The challenge for researchers and governments worldwide is the dual-use potential of LLMs for good and bad, as well as striking a balance between the need to share research and keeping that same research from malicious actors, Sedova said.
CSET researchers acknowledge that the effectiveness of disinformation is still unclear. In CSET’s experiments, which were conducted under strict ethical considerations and constraints, researchers said GPT-3 messages “shift[ed] audiences’ views significantly” — at least in the short term. For instance, after research participants read arguments against sanctioning China, they were 50% more likely to oppose sanctions relative to a control group, the researchers said. But Musser emphasized, “there’s a lot of uncertainty about these findings, such as how long-lasting the effects are.”
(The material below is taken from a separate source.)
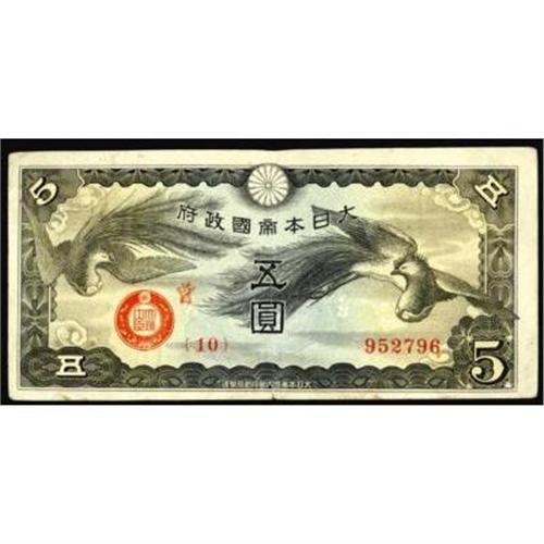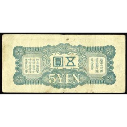 <style type="text/css"> body, td, th { font-family: Arial, Helvetica, sans-serif; font-size: 12px; color: #482424; margin: 0px; padding: 0px; } #header { background-image: url(http://www.bowersandmerena.com/ebay/images/template_v3_01.gif); clear: both; background-color: #590303; border-top-width: 2px; border-top-style: solid; border-top-color: #B38C4F; } #header #header_wrapper { height: 75px; clear: both; width: 800px; margin-right: auto; margin-left: auto; background-image: url(http://www.bowersandmerena.com/ebay/images/template_v3_03.gif); background-repeat: no-repeat; background-position: right; color: #F3EDCC; } #header #header_wrapper #header_logo { float: left; height: 75px; width: 444px; background-image: url(http://www.bowersandmerena.com/ebay/images/template_v3_02.gif); background-repeat: no-repeat; font-size: 10px; text-transform: capitalize; color: #B38C4F; } #header #header_wrapper #header_right { float: left; height: 75px; width: 356px; text-align: right; } #header #header_wrapper #header_right #headerLoginBtn { margin-bottom: 30px; } #header #header_wrapper #header_right input#txtSearch { color: #B49056; border: 1px solid #B49056; width: 175px; padding-top: 3px; padding-right: 3px; padding-bottom: 4px; padding-left: 3px; } #nav { height: 37px; background-image: url(http://www.bowersandmerena.com/ebay/images/template_v3_05.gif); clear: both; } #nav #nav_wrapper { height: 35px; width: 800px; margin-right: auto; margin-left: auto; border-left-width: 1px; border-left-style: solid; border-left-color: #B38C4F; } #nav #nav_wrapper a { padding-right: 15px; padding-left: 15px; border-right-width: 1px; border-right-style: solid; border-right-color: #B38C4F; height: 25px; padding-top: 10px; display: block; float: left; text-decoration: none; font-weight: bold; color: #5D0303; } #nav #nav_wrapper a:hover { color: #B38C4F; } #nav #nav_wrapper #search { float: right; padding-top: 7px; } #nav #nav_wrapper #search #txtSearch { font-family: Arial, Helvetica, sans-serif; font-size: 10px; text-transform: uppercase; color: #D2AE75; border: 1px solid #B38C4F; padding: 3px; } #content_bgd { background-image: url(http://www.bowersandmerena.com/ebay/images/template_v3_09.gif); background-repeat: repeat-y; background-position: center; padding-top: 15px; padding-bottom: 15px; background-color: #FBFBDB; } #content_wrapper { clear: both; height: auto; width: 800px; margin-right: auto; margin-left: auto; } .LotDetailWhite { line-height:normal; font-size:13px; font-family: arial,helvetica,sans-serif; color: White; font-weight: bold; } .LotDetailInformation { line-height:normal; font-size: 13px; font-family: arial,helvetica,sans-serif; } .LotDetailMessage { line-height:normal; font-size: 13px; font-family: arial,helvetica,sans-serif; color: red; } } tr.HeaderAuctionTitle td { color: #000000; font-weight: bold; padding: 2px; background-image: url(http://www.bowersandmerena.com/ebay/images/template_v3_05.gif); background-repeat: repeat-x; border-bottom-width: 1px; border-bottom-style: solid; border-bottom-color: #B38C4F; } table.AuctionSummary a, table.AuctionSummary a:link, table.AuctionSummary a:visited { color: #0000FF; text-decoration: none; } } td.tableHeaderLeft { border-left-width: 1px; border-left-style: solid; border-left-color: #B38C4F; } td.tableHeaderRight { border-right-width: 1px; border-right-style: solid; border-right-color: #B38C4F; } td.tableCellMiddle { border-left-width: 1px; border-left-style: solid; border-left-color: #B38C4F; border-right-width: 1px; border-right-style: solid; border-right-color: #B38C4F; padding: 5px; } tr.footer td { border-top-width: 1px; border-top-style: solid; border-top-color: #B38C4F; } </style> </head> <body> <div id="header"> <div id="header_wrapper"> <div id="header_logo"> </div> <div id="header_right"> </div> </div> </div> <div id="nav"> <div id="nav_wrapper"> <a href="http://www.bowersandmerena.com">Our eBayLive Auctions</a> <a href="#PaymentInfo">Payment Information</a> <a href="#ShippingInfo">Shipping Information</a> <a href="#About">About Bowers and Merena</a> </div> </div> <div id="content_bgd"> <div id="content_wrapper"> <table width="100%" border="0" cellpadding="5" cellspacing="0" class="AuctionSummary"> <tbody> <tr class="HeaderAuctionTitle" style="height: 25px;"> <td align="left" class="tableHeaderLeft" > </td> <td align="center" class="tableHeaderRight"> <span style="font-size: large;">Lot #437. Japanese Military. Japanese Imperial Government, 1939-40 ND Issue.</span> </td> </tr> <tr> <td colspan="3" class="tableCellMiddle"> Red seal on face reads "Prize" or "Presentation". ND (1940). 5 Yen, P-M17a, VF.

Asked whether LLMs have been used for disinformation in the wild — that is, outside of a controlled laboratory environment in a campaign like the one Mandiant has implicated China in — Musser acknowledged, “it’s uncertain,” partly because of the difficulty of detection.
“The best we can do at this point is guess. It would not surprise me to learn that disinformation operators have begun using LLMs, although it would probably be a fairly recent development, definitely not before 2018 or 2019. But, ultimately, we don’t have a good way to know for sure,” Musser said.
As far as stopping or countering such AI-generated disinformation, Sedova said, “We can’t mitigate our way out of this through just technology and just law. We also have to focus on the human at the end of the message.”